*** Material provided Section Begins ***

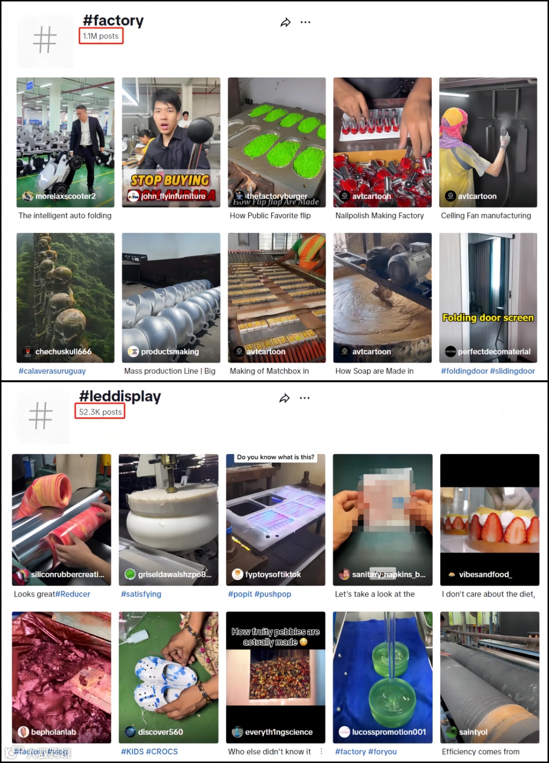 TikTok上的#factory和#leddisplay标签分别拥有超过110万和5.23万的帖子数,显示了此类内容的巨大受众市场。亿格创通过展示解压类视频内容,如屏幕拼装过程,吸引了大量用户关注。
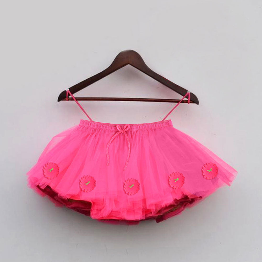 Kids Applic Flower Shocking Pink Skirt 7097
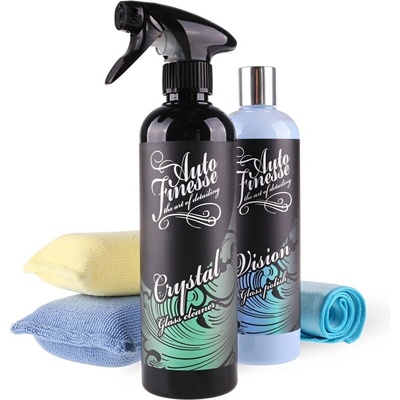 Sada autokosmetiky na čištění a leštění skel Auto Finesse Pokud máte skla více znečištěná usazeným vodním spotem a dalšími nečistotami, může na ně být pouhý čistič oken...
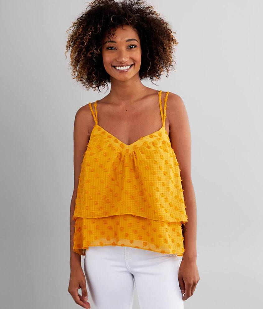 Chiffon clearance sleeveless top, Miss Me Swiss Dot Chiffon Tank Top Women s Tank Tops in Yellow clearance
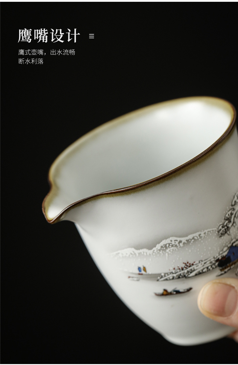 Bộ ấm trà Ru Kiln Bộ hộp quà bát ba nắp gốm sứ cốc pha trà cao cấp Bộ ấm trà Kung Fu tặng quà cốc công bằng gia dụng
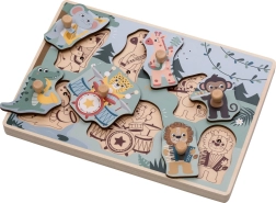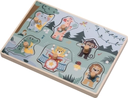 Entdeckt die Welt des Dschungels mit einem sicheren Holz-Steckpuzzle, das beim Einsetzen des richtigen Teils die Laute der einzelnen Tiere abspielt. Kinder üben spielerisch das Erkennen von Formen und lernen, Bild und Ton zu verknüpfen.
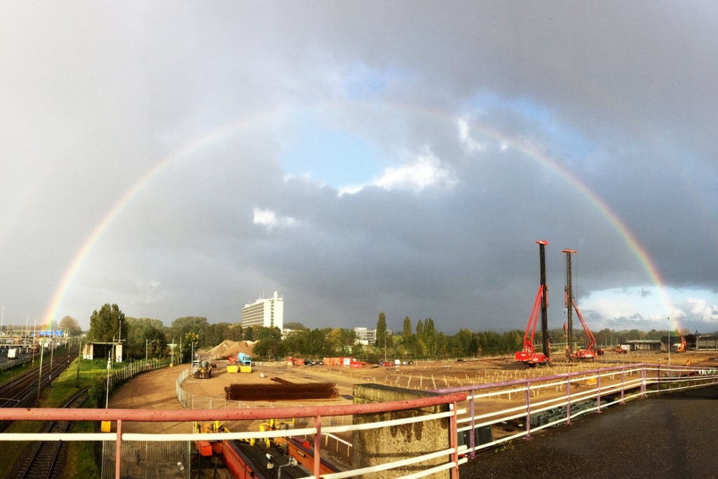 De twee grootste krachtpatsers van Vroom werken aan dit mooie project aan de A20. Ruim 1.000 vibropalen gaan daar de komende tijd de grond in en zullen de nieuwe werkplaats van de RET boven de grond houden.
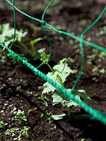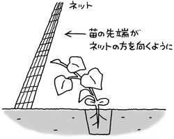 植えるときは、苗の向きに気をつける。ツルがネットにつかまりやすいよう、ツルを伸ばしている方向にネットがあるように植える。
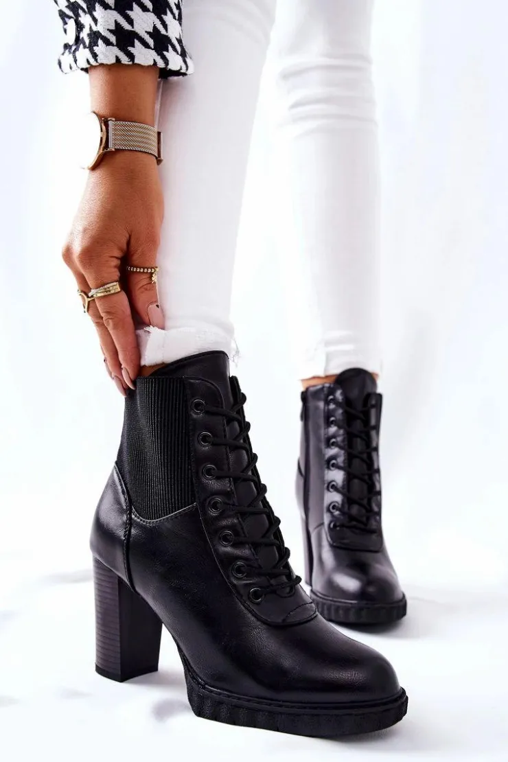 Botki posiadają ściągacz, który pozwoli na dopasowanie do nogi. Klasyczny fason idealnie będzie pasować do wielu stylizacji. Obcas w postaci słupka. Buty posiadają wiązanie oraz suwak. W środku posiadają ocieplenie w postaci koca obuwniczego. Sprawdź także pozostałą ofertę botków !
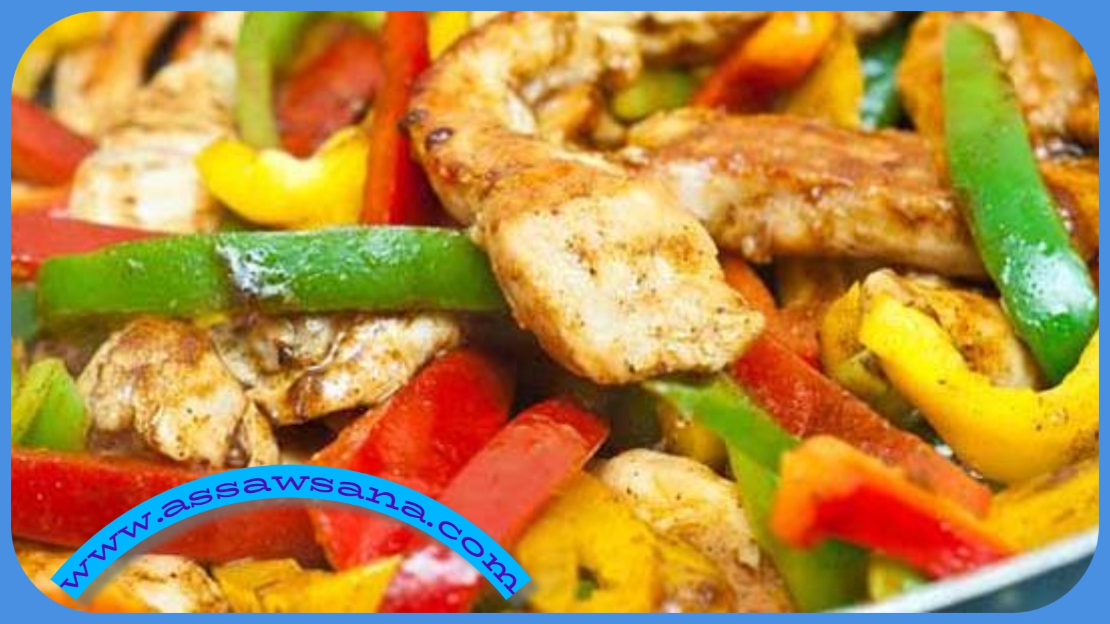 - نضيف شرائح الفلفل الملون على البصل، ونعاود تقليب المكونات، ونتركها لدقائق بسيطة حتى تذبل الخضار.
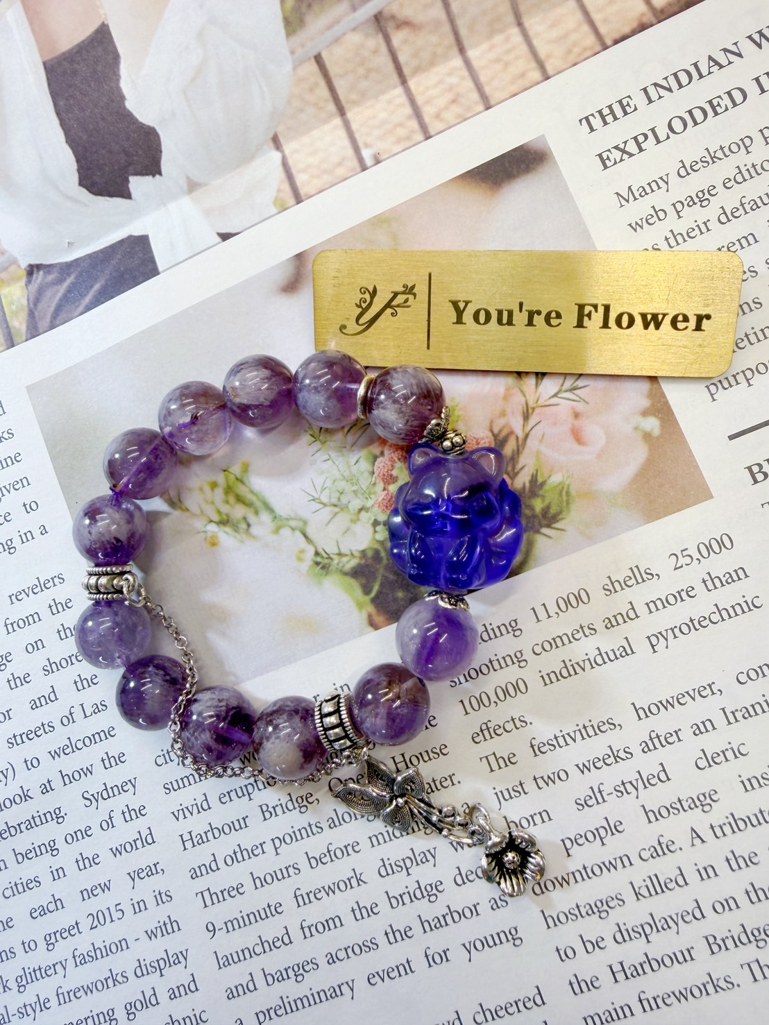 💜大顆粒精品唯一/紫螢石 九尾狐仙/水晶手鍊💜
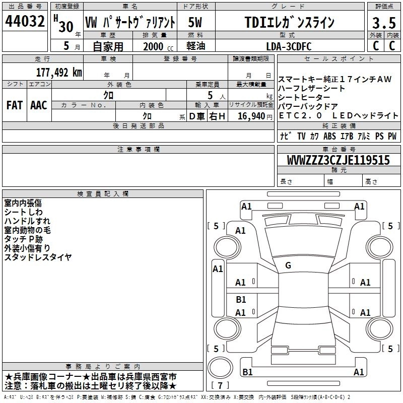 VOLKSWAGEN PASSAT VARIANT 2018 г., лот № 44032
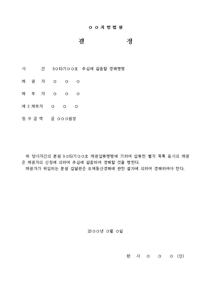 위 당사자간의 본원 9○타기○○호 채권압류명령에 기하여 압류한 별지 목록 표시의 채권은 채권자의 신청에 의하여 추심에 갈음하여 경매할 것을 명한다.
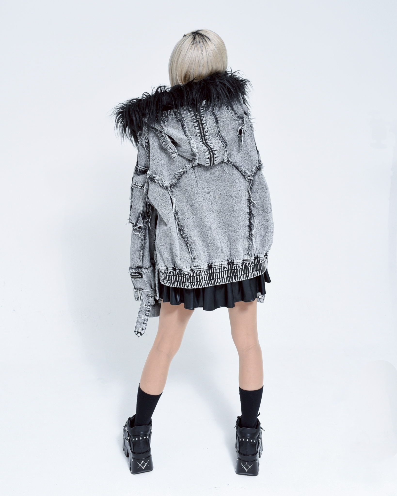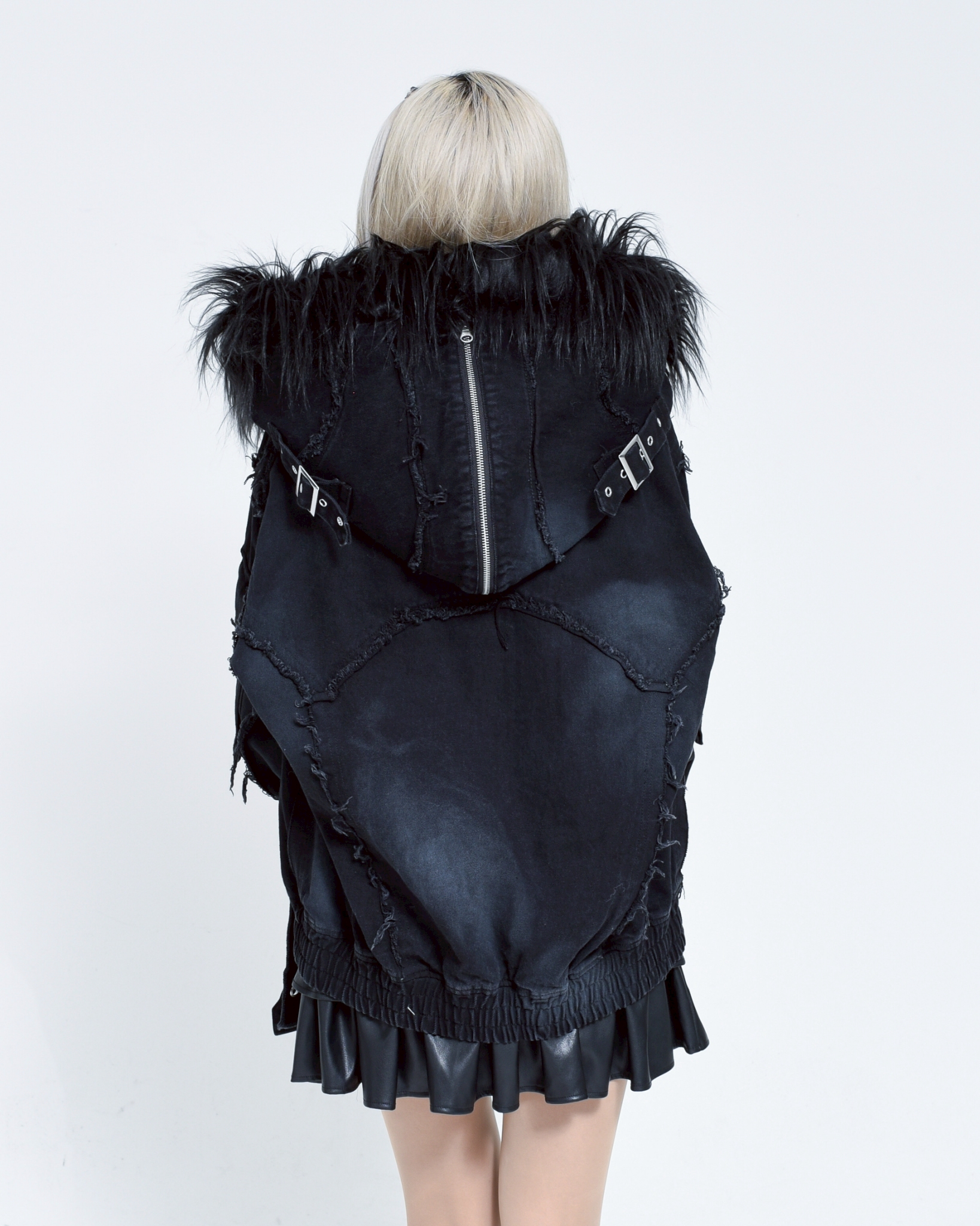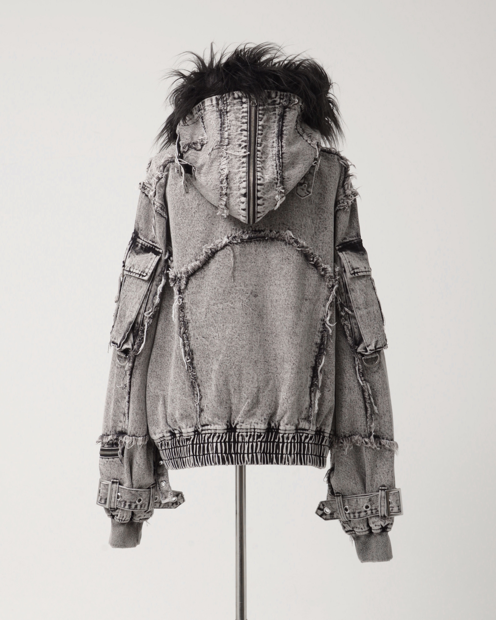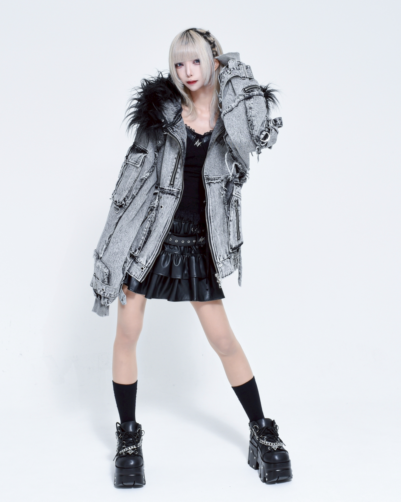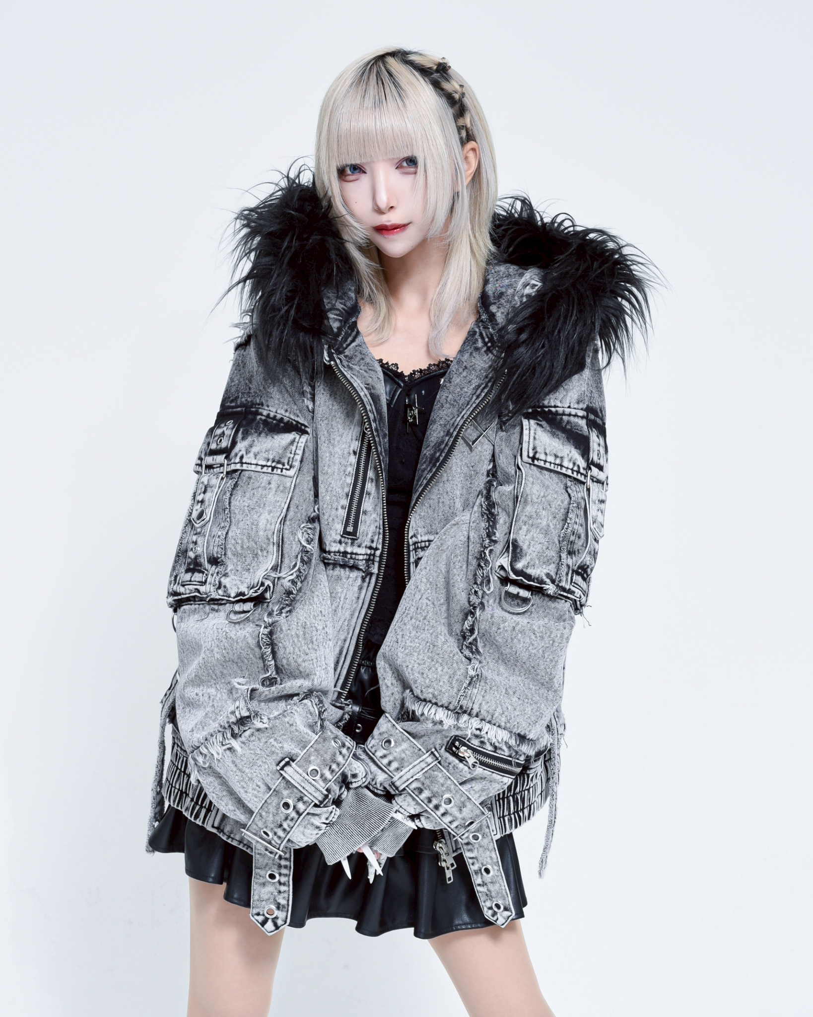 A N2B jacket featuring fur accents and decorative details. This piece combines REFLEM’s signature detailing with trendy elements. Perfect for dark street styles, and also pairs well with grunge and Y2K aesthetics. The unisex silhouette adds to its versatility.
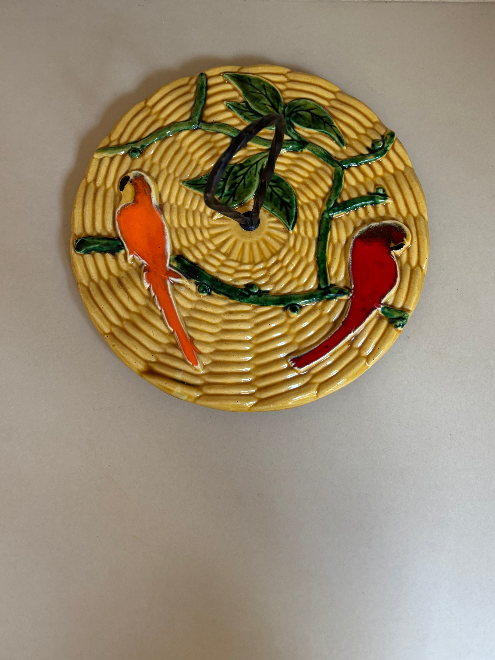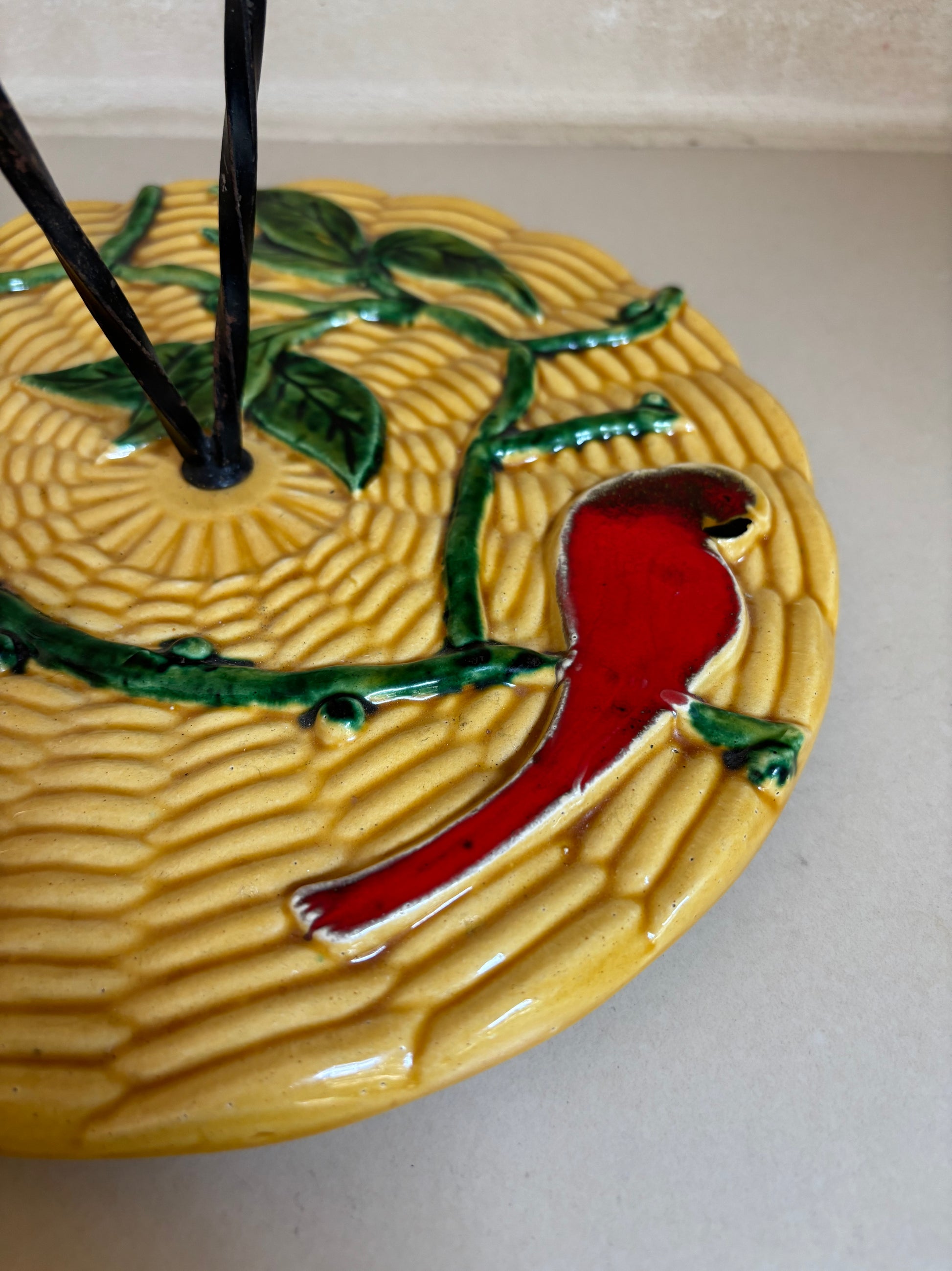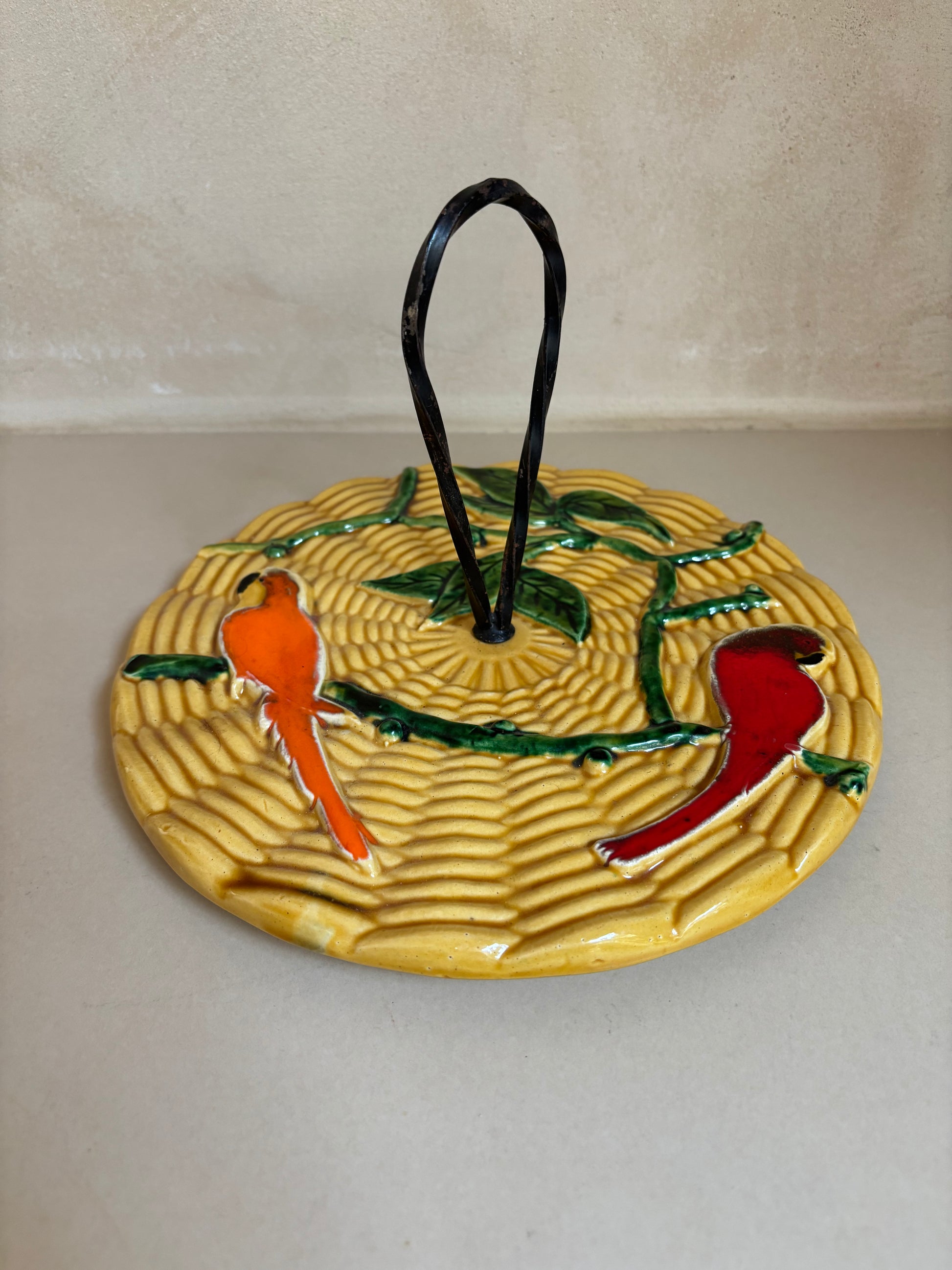 Quesera vintage en barbotine y asa de hierro forjado, motivos de ramas y pájaros, pintados a mano.

*** Material provided Section Ends ***

**Task to complete**
Print out each record exactly as shown, but keep the pictures out.

**Task output**
 TikTok上的#factory和#leddisplay标签分别拥有超过110万和5.23万的帖子数,显示了此类内容的巨大受众市场。亿格创通过展示解压类视频内容,如屏幕拼装过程,吸引了大量用户关注。
 Kids Applic Flower Shocking Pink Skirt 7097
 Sada autokosmetiky na čištění a leštění skel Auto Finesse Pokud máte skla více znečištěná usazeným vodním spotem a dalšími nečistotami, může na ně být pouhý čistič oken...
 Chiffon clearance sleeveless top, Miss Me Swiss Dot Chiffon Tank Top Women s Tank Tops in Yellow clearance
 Bộ ấm trà Ru Kiln Bộ hộp quà bát ba nắp gốm sứ cốc pha trà cao cấp Bộ ấm trà Kung Fu tặng quà cốc công bằng gia dụng
 Entdeckt die Welt des Dschungels mit einem sicheren Holz-Steckpuzzle, das beim Einsetzen des richtigen Teils die Laute der einzelnen Tiere abspielt. Kinder üben spielerisch das Erkennen von Formen und lernen, Bild und Ton zu verknüpfen.
 De twee grootste krachtpatsers van Vroom werken aan dit mooie project aan de A20. Ruim 1.000 vibropalen gaan daar de komende tijd de grond in en zullen de nieuwe werkplaats van de RET boven de grond houden.
 植えるときは、苗の向きに気をつける。ツルがネットにつかまりやすいよう、ツルを伸ばしている方向にネットがあるように植える。
 Botki posiadają ściągacz, który pozwoli na dopasowanie do nogi. Klasyczny fason idealnie będzie pasować do wielu stylizacji. Obcas w postaci słupka. Buty posiadają wiązanie oraz suwak. W środku posiadają ocieplenie w postaci koca obuwniczego. Sprawdź także pozostałą ofertę botków !
 - نضيف شرائح الفلفل الملون على البصل، ونعاود تقليب المكونات، ونتركها لدقائق بسيطة حتى تذبل الخضار.
 💜大顆粒精品唯一/紫螢石 九尾狐仙/水晶手鍊💜
 VOLKSWAGEN PASSAT VARIANT 2018 г., лот № 44032
 위 당사자간의 본원 9○타기○○호 채권압류명령에 기하여 압류한 별지 목록 표시의 채권은 채권자의 신청에 의하여 추심에 갈음하여 경매할 것을 명한다.
 A N2B jacket featuring fur accents and decorative details. This piece combines REFLEM’s signature detailing with trendy elements. Perfect for dark street styles, and also pairs well with grunge and Y2K aesthetics. The unisex silhouette adds to its versatility.
 Quesera vintage en barbotine y asa de hierro forjado, motivos de ramas y pájaros, pintados a mano.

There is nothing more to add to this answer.